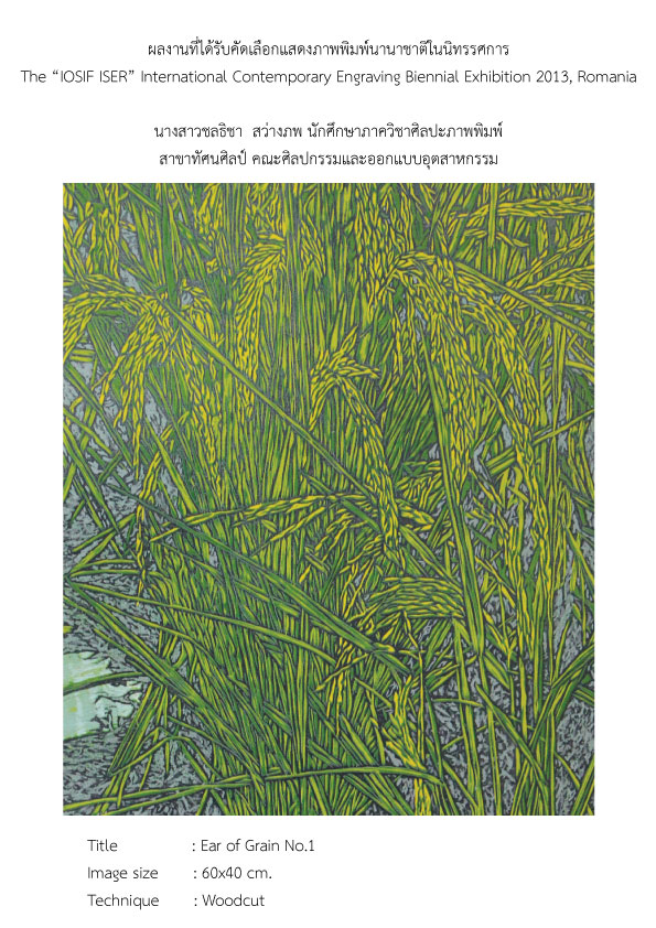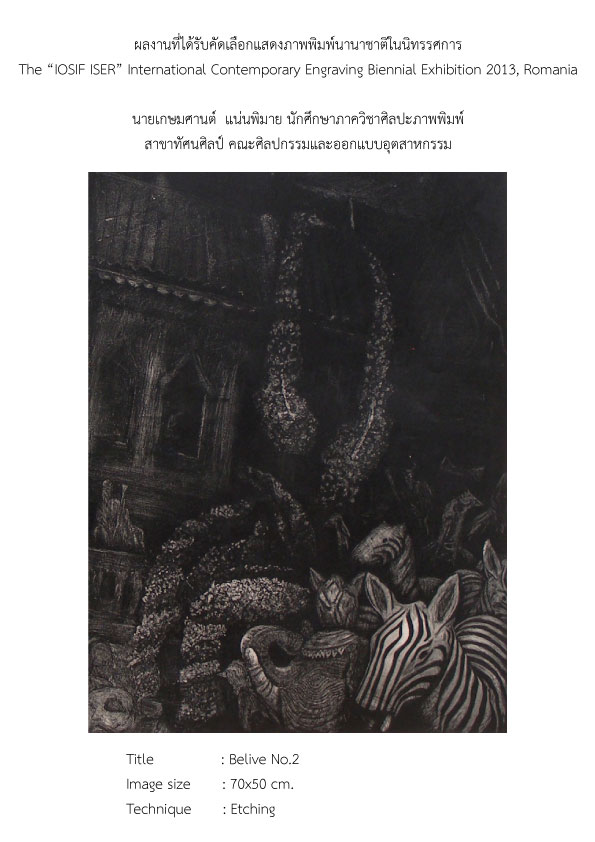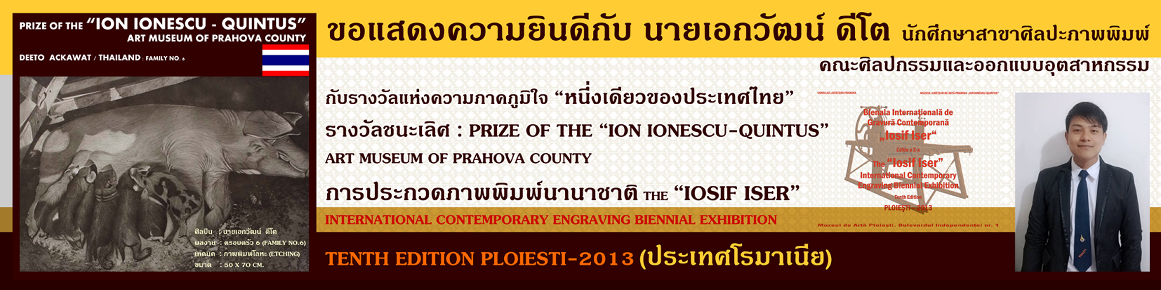 นายเอกวัฒน์ ดีโต นักศึกษาภาควิชาศิลปะภาพพิมพ์ สาขาทัศนศิลป์ คณะศิลปกรรมและออกแบบอุตสาหกรรม ได้รับรางวัล Prize of the “ION IONESCU – QUINTUS” art museum of Phahova County : การแสดงผลงานภาพพิมพ์นานาชาติในนิทรรศการ The “IOSIF ISER” International Contemporary Engraving Biennial Exhibition 2013 นิทรรศการเปิดแสดงระหว่าง เดือน พฤศจิกายน – ธันวาคม 2556 ณ ประเทศโรมาเนีย
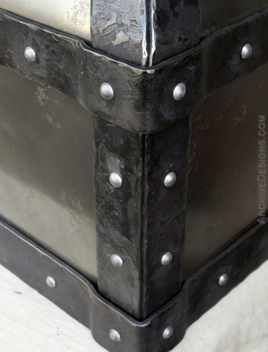 Distressed pewter and forged steel hood for this 1862 home in the historic Delancey neighborhood of Philadelphia on the edge of Rittenhouse Square. Archive Designs collaborated with renown designer Steven Gambrel on this project.
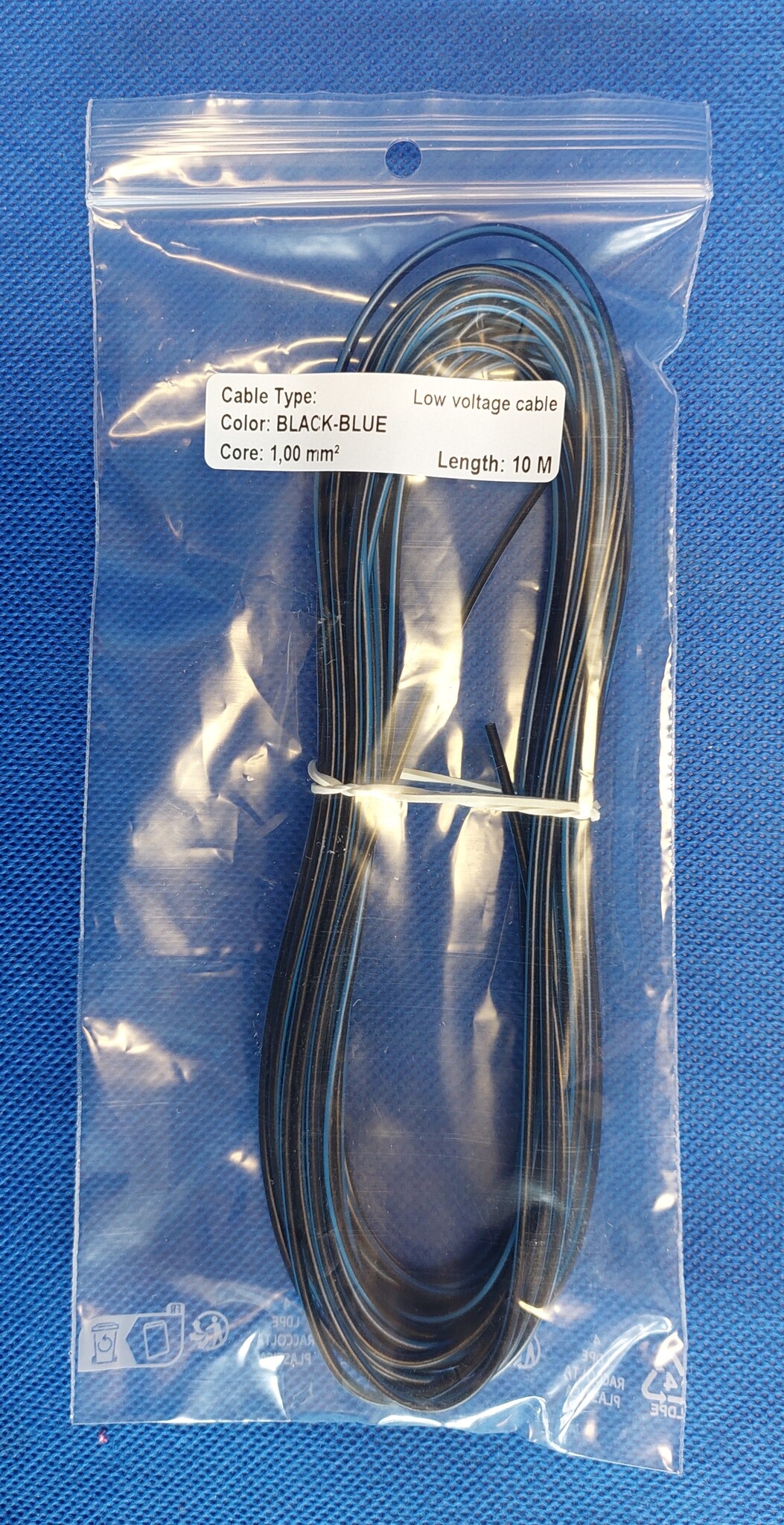 10 meter hand gerold in afsluitbare plastic zak met vermelding van product nummer, afmeting, kleur en type van de kabel
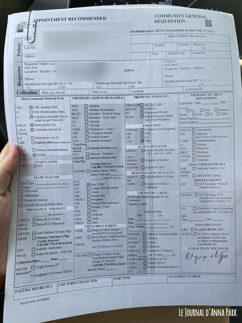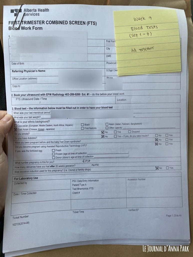 11주가 되었다. 12주 목덜미 투명대 초음파 검사(NT)가 일주일 앞으로 다가왔다. 한국에서는 병원에서 하루 만에 초음파로목투명대 두께도 검사하고, 피검사도 끝내는 것으로 알고 있다. 캐나다에서는 초음파를 보는 센터와 피검사를 할 수 있는 임상검사소(Lab)가 별도기 때문에 따로따로 방문하여 검사를 받아야 한다. 초음파 검사 최소 3일 전까지는 피검사를 해야만, 초음파 검사 전에 내 헬스케어 정보로 피검사 결과가 등록되어서, 초음파를 보자마자 의사소견을 얻을 수 있다기에 7일 전인 오늘(2021년 9월 21일) 미리미리 다녀왔다. 장소는 지난번 임신 준비 때 피검사를 하러 다녀온 랩. 지난번에도 walk-in으로 8시쯤 갔다가 50분 넘게 기다렸었기 때문에 이번에는 예약을 하려고 했다. 하지만 코비드19 때문인지 예약이 두 달은 꽉 차 있었다. 결국, 이번에도 워크인으로 찾아가게 되는데….
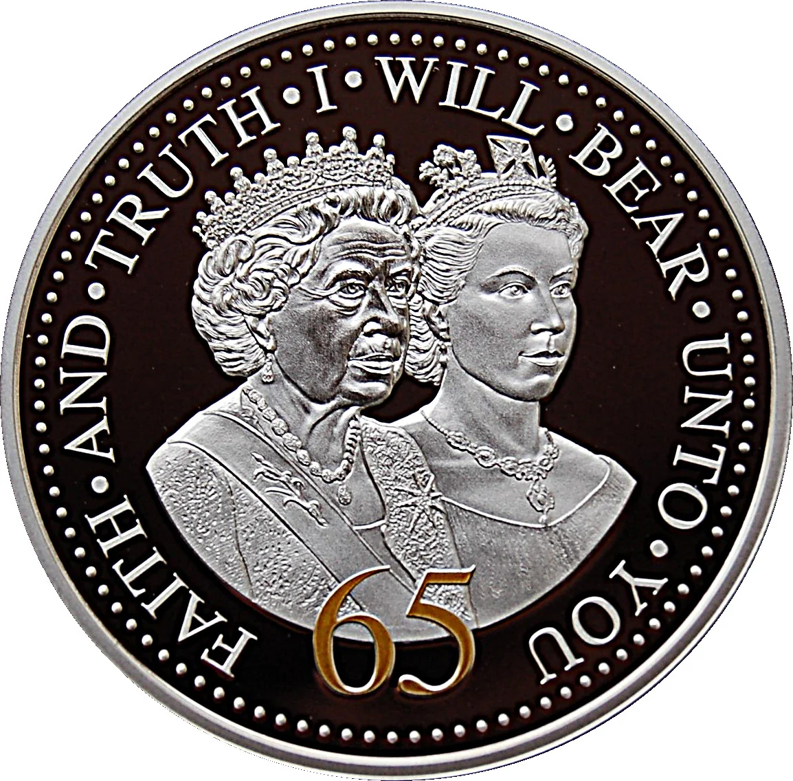 A dual portrait of Queen Elizabeth II, now and at her accession, with words from her coronation oath and a large gold "65."
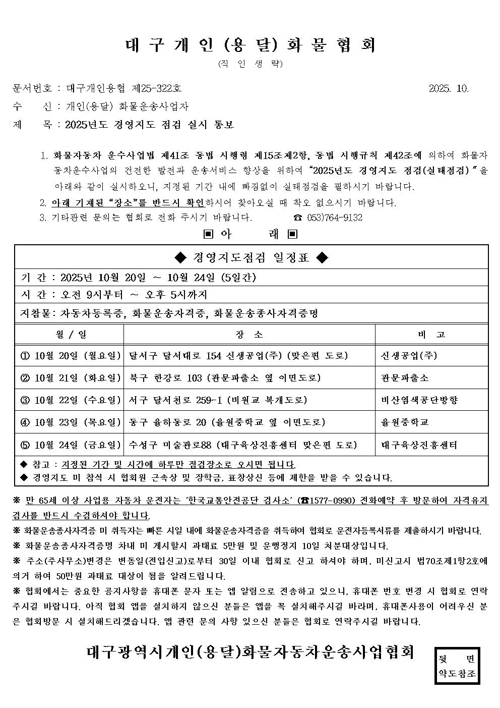 2025년도 경영지도 점검 (실태점검) 일정안내
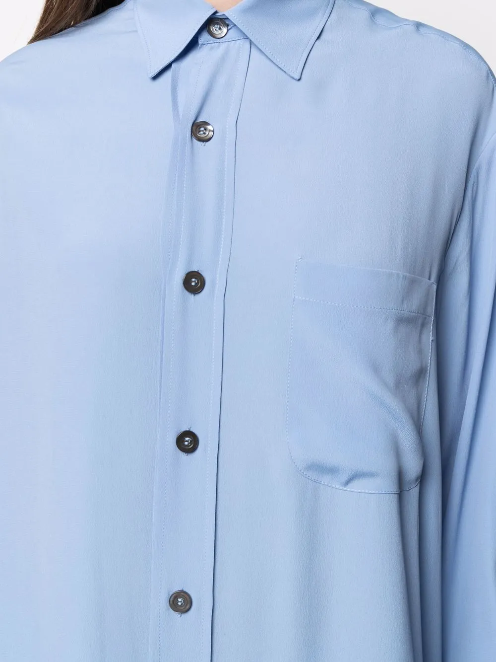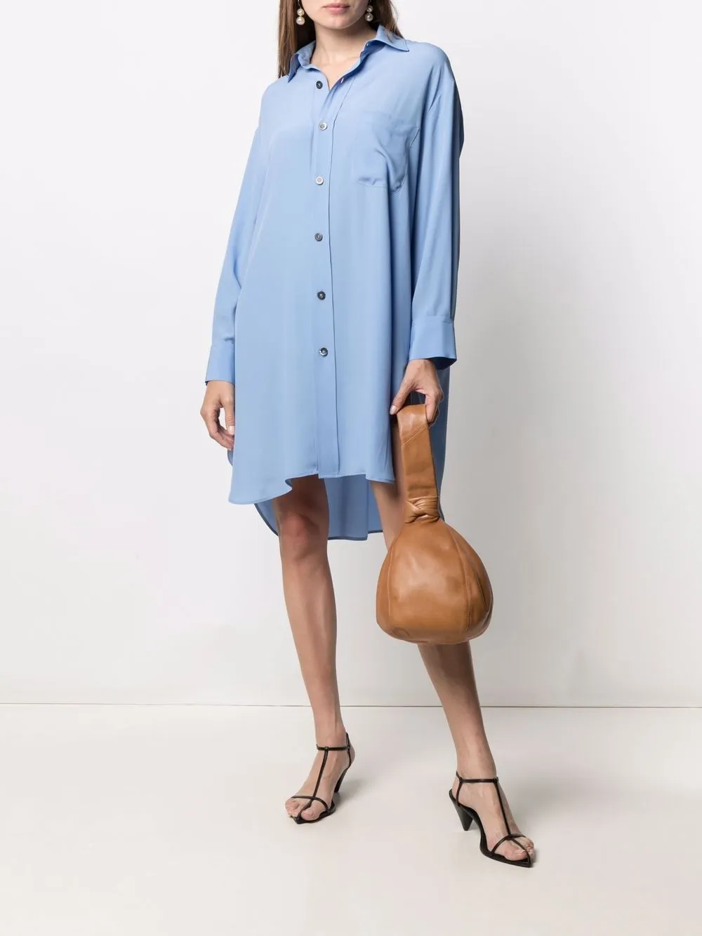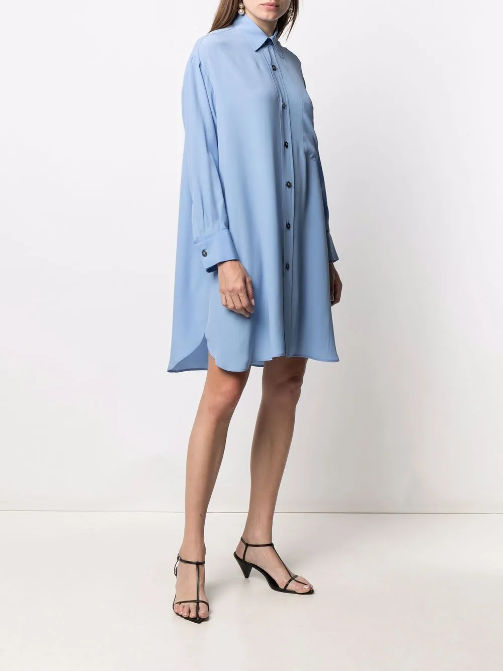 Нагрудный накладной карман, планка на пуговицах спереди, манжеты на пуговицах, классический воротник, длинные рукава и расклешенный крой.
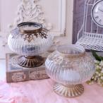 アンティーク風 ガラスベース 花瓶 フラワーベース LEDã‚ャンドルホルダー ホワイト ゴールド ラウンド ゴブレット (135) ガラス製 ヨーãƒãƒ”アン コンãƒãƒ¼ãƒˆ ベ
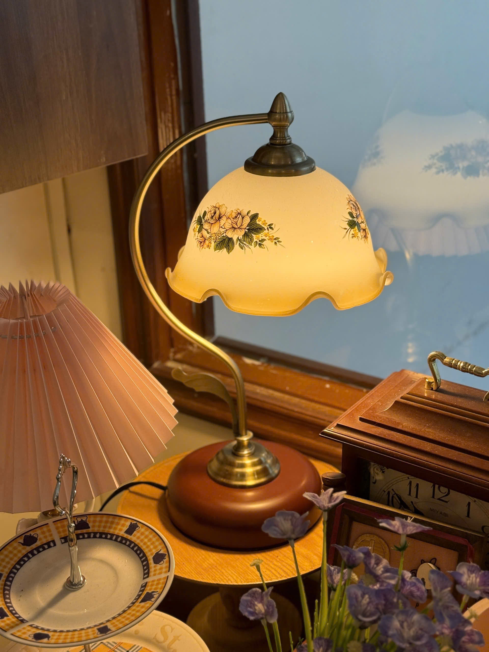 Chất liệu: Chụp thuỷ tinh, thân kim loại, đế gỗ
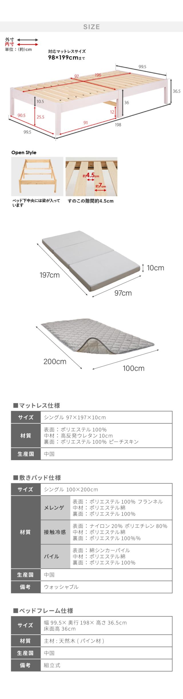 専用マットレス・専用敷きパッド・ベッドフレーム 3点セット
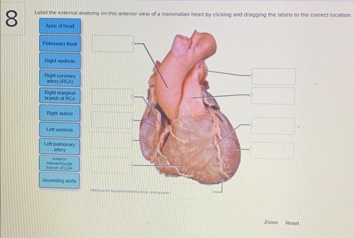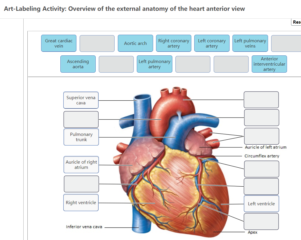 Blausen 0451 - Anterior view of the heart - English labels "Blausen 0451 - Anterior view of the heart - English labels " at AnatomyTOOL.org by Blausen Medical Communications, Inc., license: Creative Commons ... Label the heart - Science Learning Hub Jun 16, 2017 ... In this interactive, you can label parts of the human heart. Drag and drop the text labels onto the boxes next to the diagram. Selecting or ... The Heart - Anatomy and Physiology II - Lumen Learning Figure 8. This anterior view of the heart shows the four chambers, the major vessels and their early branches, as well as the valves. The presence of the ...
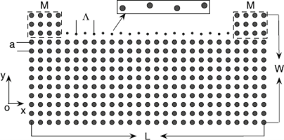 □ 采用周期陣列,創(chuàng)建光子晶體。將部分元胞刪除,形成表面腔。
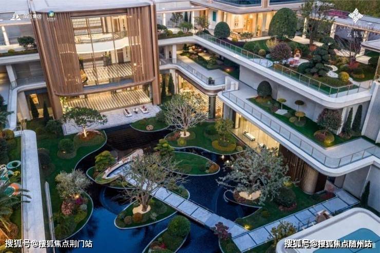 项目萃取精英生活底蕴,打造一座悬浮于都市之上的立体生态绿洲,「一轴·五境·七景」的叙事性布局,涵盖下沉庭院、叠瀑景观、花园水池、阳光草坪等沉浸式景观节点。
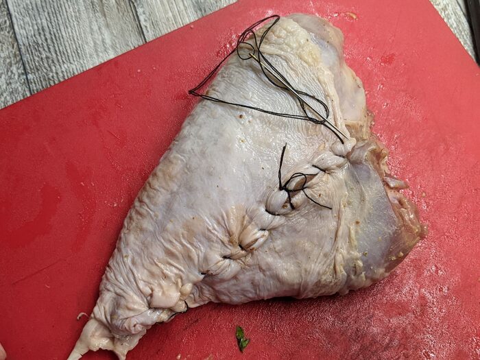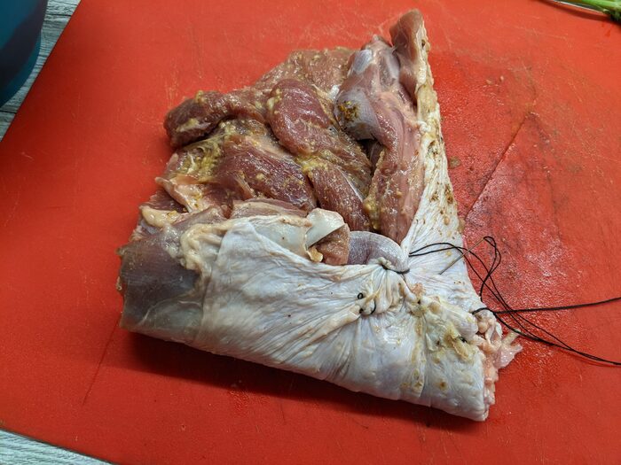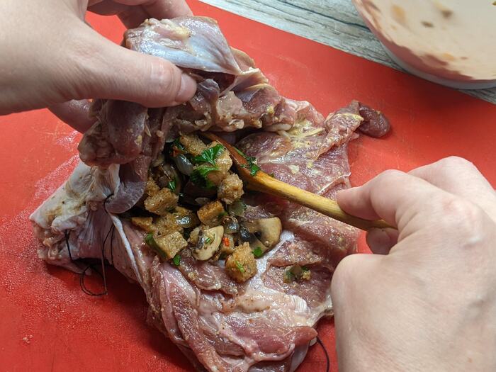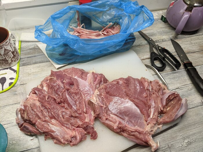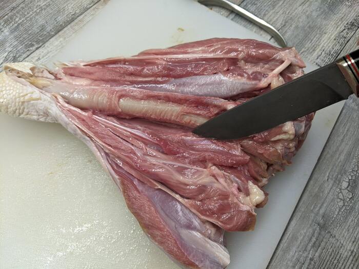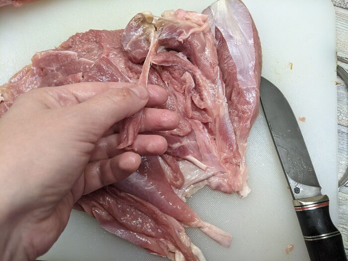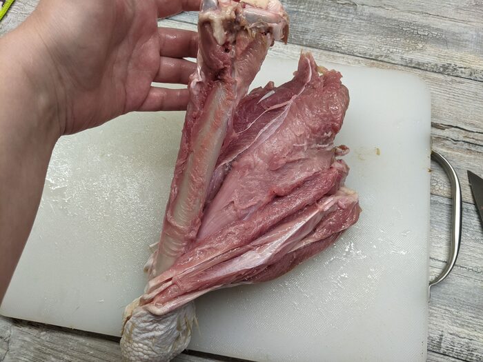 На этом фото хлеба еще нет, а индейка уже без костей ))). Да, начала с того, что удалила из голеней кости. По всей длине ноги в самом тонком месте мякоти (то есть там, где кость ближе всего к коже) рассекла вдоль и аккуратно кончиком острого ножа вырезала косточку. Отсекла всю мякоть от нижней части голени.
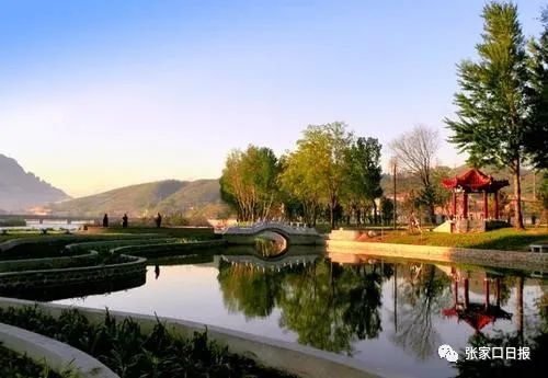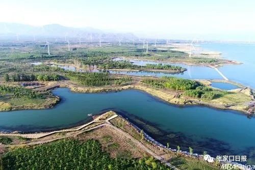 总面积10平方公里,分为湖滨游览区、自然逸趣岛、滨河娱乐区、农业观光区、千足丛林区等,既有塞上雄浑之美,又有江南秀色之柔。生态休闲园内错层叠水、临水木平台、景观平台、彩虹桥、林荫小广场、百米瀑布、三连景观亭、林荫小径、景观叠石等,尽显人间之美景。洋河河谷湿地公园,包括湖滨浏览区,小径通幽、绿树成荫,眼观河水粼波、耳听虫鸟啁鸣,好一派田园胜景!置身千足丛林区,任由心情放飞,任由画中行走,美哉、悠哉,让人流连忘返。张北大营滩省级湿地公园和三台河省级湿地公园
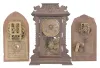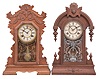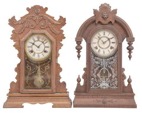 Clocks- 3 (Three): (1) Waterbury Clock Co., "Kingsland" clock, 8 day, time and strike, spring driven movement in an oak case, c1906; (2) George B. Owen, Winsted, Conn., mantel clock, 8 day, time and strike, spring driven movement in a walnut case, c1885;

=====

> Activity
Above are the records; copy from them only the lines starting at the one containing "アンティーク風 ガラスベース 花瓶" and ending at the one containing "项目萃取精英生活底蕴,打造一", exactly and without pictures.

> Output of the exercise
 アンティーク風 ガラスベース 花瓶 フラワーベース LEDã‚ャンドルホルダー ホワイト ゴールド ラウンド ゴブレット (135) ガラス製 ヨーãƒãƒ”アン コンãƒãƒ¼ãƒˆ ベ
 Chất liệu: Chụp thuỷ tinh, thân kim loại, đế gỗ
 専用マットレス・専用敷きパッド・ベッドフレーム 3点セット
 Blausen 0451 - Anterior view of the heart - English labels "Blausen 0451 - Anterior view of the heart - English labels " at AnatomyTOOL.org by Blausen Medical Communications, Inc., license: Creative Commons ... Label the heart - Science Learning Hub Jun 16, 2017 ... In this interactive, you can label parts of the human heart. Drag and drop the text labels onto the boxes next to the diagram. Selecting or ... The Heart - Anatomy and Physiology II - Lumen Learning Figure 8. This anterior view of the heart shows the four chambers, the major vessels and their early branches, as well as the valves. The presence of the ...
 □ 采用周期陣列,創(chuàng)建光子晶體。將部分元胞刪除,形成表面腔。
 项目萃取精英生活底蕴,打造一座悬浮于都市之上的立体生态绿洲,「一轴·五境·七景」的叙事性布局,涵盖下沉庭院、叠瀑景观、花园水池、阳光草坪等沉浸式景观节点。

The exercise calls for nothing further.